My first foray into probability theory was my 2011 paper Chance and Litigation, which explores whether litigation outcomes are random. Although I had not yet rediscovered Bayes’ theorem when I began writing my first probability paper (circa 2008 or 2009), my interest in probability theory inevitably led me to the ideas of Thomas Bayes, and I soon began exploring the logic of inverse probability and extending Bayesian reasoning and subjective probability to several different areas of law, including litigation outcomes, proof problems, jury voting, and judge voting. Most (but not all) of my probability papers were published from 2011 to 2020:
- **A Bayesian Model of the Litigation Game (2011). I wrote this paper in Amsterdam during the summer of 2011, and it is my first refereed paper.

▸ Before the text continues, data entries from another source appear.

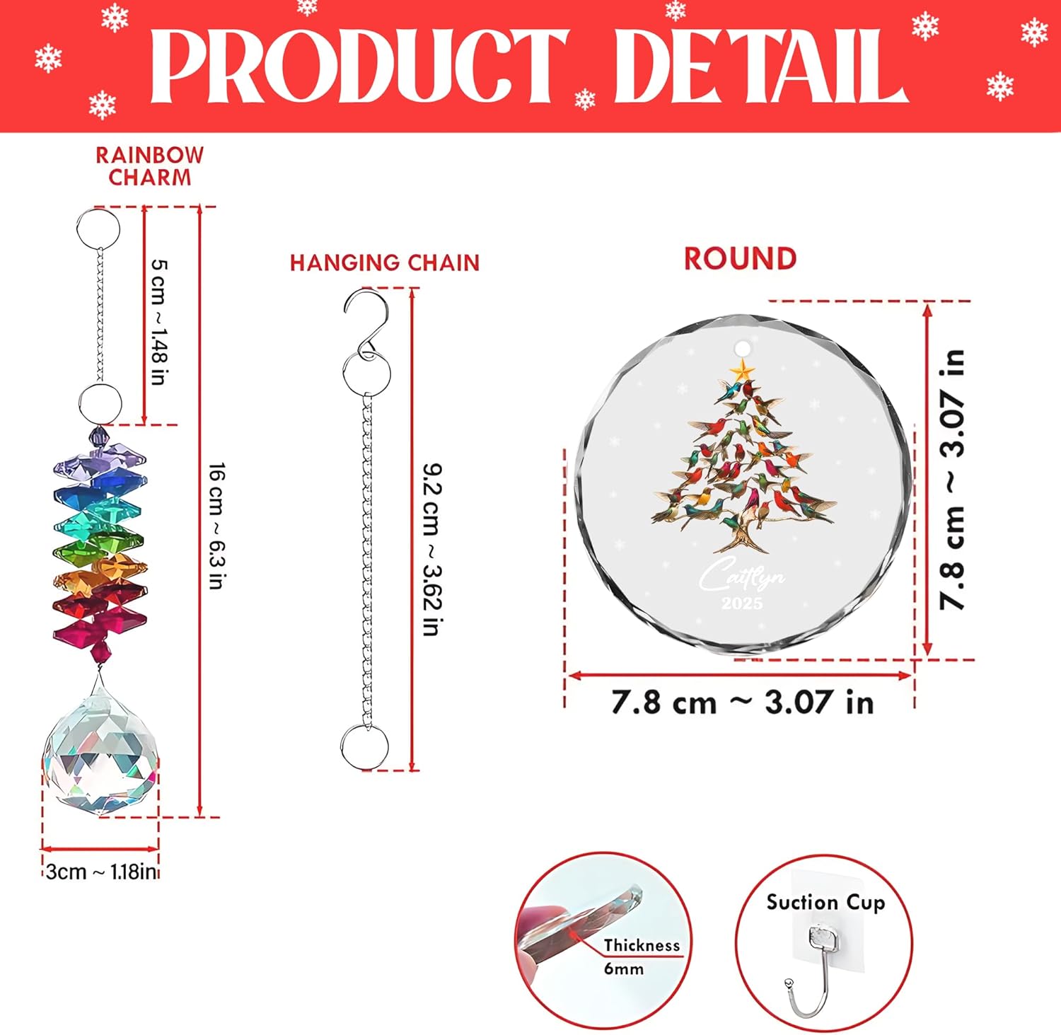 Personalized Christmas Ornament – Custom Holiday Tree Design with Birds – Custom Name 2025 – Glass Christmas Tree Ornament with Suncatcher
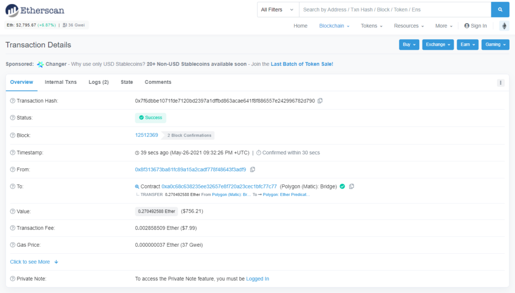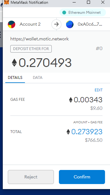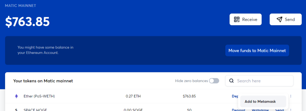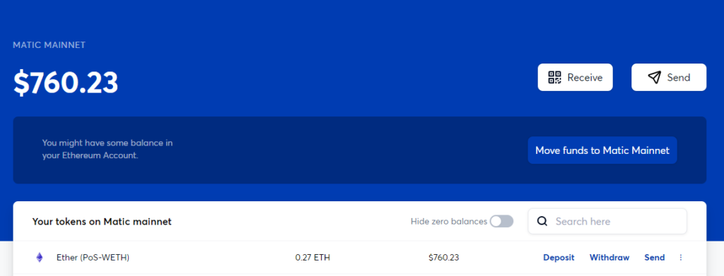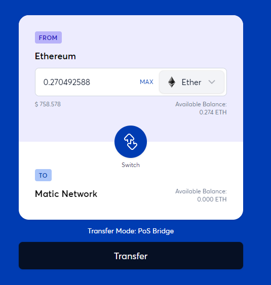 Next, we will use the Polygon PoS bridge to move our ETH from Ethereum Mainnet over the Polygon network.
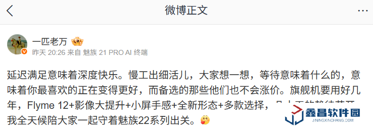 本站 5 月 6 日消息,星紀魅族集團市場品牌部總經理萬志強@一匹老萬 昨日發文透露了星紀魅族 22 系列手機部分特性。據稱,新機將預裝 Flyme 12 系統、采用小屏手感 + 全新形態設計,號稱“影像大提升”。
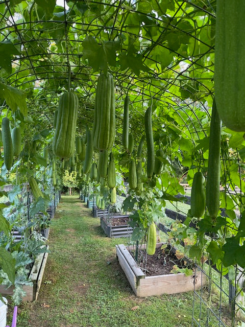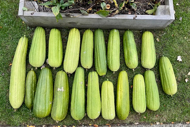 This exciting luffah breeding mix comes our way from Meika Laszlo, of Wall Township, New Jersey, a master gardener, skincare formulator, soap maker, mother, and retired special ed teacher, who started growing luffa over a decade ago — and ended up pretty obsessed (her word!). That first luffah was a generic "dishrag" type, sold by a seed-company-who-shall-not-be-named. Meika takes over the story from here:
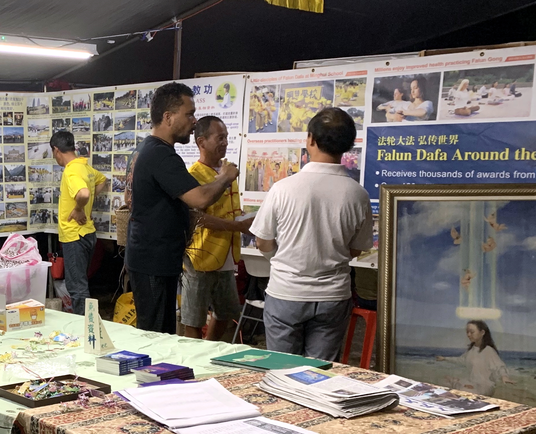 塞班岛法轮功学员在展棚内展出的法轮大法弘传世界、反迫害、活摘黒幕、正义支持、世界褒奖、三:退.保平安的图片及中英文解释等内容,吸引着过往的民众进入观看了解。通过学员们的讲解与答疑,很多有缘人对法轮功真相有了更全面的了解。
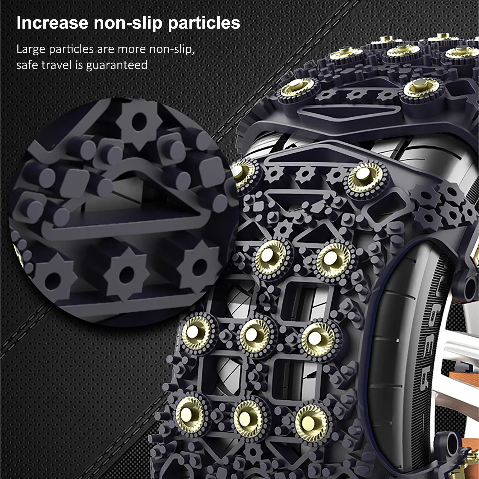 5. Практичные инструменты для вождения: цепь для зимних шин удобна в переноске и использовании для любой аварийной дорожной помощи. Вы можете установить его на шины вашего автомобиля в течение нескольких минут, и спасите свой автомобиль от тяжелой ситуации. Цепи для снега для автомобиля можно разместить в автомобиле в любое время в режиме ожидания. Автомобильные цепи для снега обеспечивают отличные результаты в плохих погодных условиях, таких как снег, грязь или лед, с двойным резьбовым и многослойным узором.
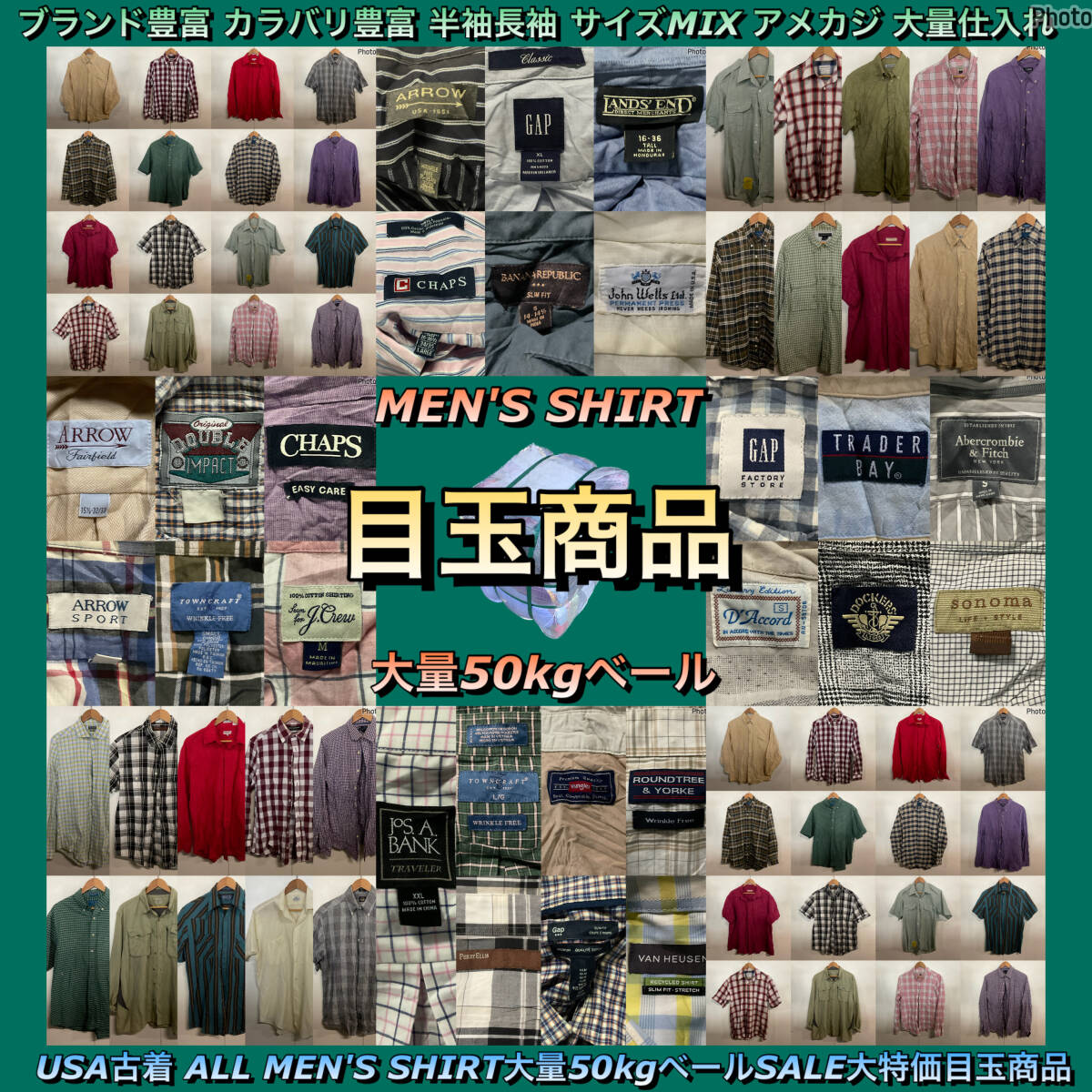 - 【T1384】★オススメ★ アメリカ古着卸オススメALL MEN'S SHIRT大人気大量50kgベール 半袖長袖ブランド豊富 カラバリ豊富 サイズMIX

- *Visualizing Probabilistic Proof (2014). This paper, which I wrote at my in-laws’ house in Tarpon Springs during the summer of 2013, revisits the Blue Bus Case, a famous thought-experiment in law involving probabilistic proof, and presents simple Bayesian solutions to different versions of the blue bus problem.
- Judge Hercules or Judge Bayes? (2015). This unpublished paper explores two possible connections between hard cases in law and Newcomb’s Paradox in philosophy. One is that Newcomb’s Problem is like a “hard case” in law — i.e. a choice problem with conflicting and equally logical solutions. The other is that the superior being in Newcomb’s Problem and the mythical Judge Hercules in Ronald Dworkin’s theory of law are the same person.
- *Why Don’t Juries Try Range Voting? (2016). This paper builds on the idea of “subjective probability” to propose the use of “range voting”, which I later christened Bayesian voting, by juries. (Jurors would score the evidence presented by the parties at trial on a scale of one to ten or some other specified scale.)
- **A Bayesian Analysis of the Hadley Rule (2018). This paper was published in a collection of essays on the law of contracts (see pp. 925-928). Although this is one of the shortest formal papers I have ever written (only nine paragraphs), it underwent ten revisions during the editing process.
- *The Case for Bayesian Judges (2019) Like my 2016 jury paper (see item #4 above), this paper builds on the idea of “subjective probability” to propose a simple method of judicial voting.
- Subjective Probability and Legal Proof (2020). This unpublished paper presents a Bayesian critique of Ron Allen and Mike Pardo’s “relative plausibility” theory of legal proof. (Among other things, their approach to proof can be “Dutch-booked”.)
- Weyl Versus Ramsey: A Bayesian Voting Primer (2020). This unpublished paper compares and contrasts two methods of Bayesian voting or Bayesian preference-aggregation that allow voters not only to rank their preferences but also to express their degree: Quadratic Voting (QV) and Ramsian Voting (RV).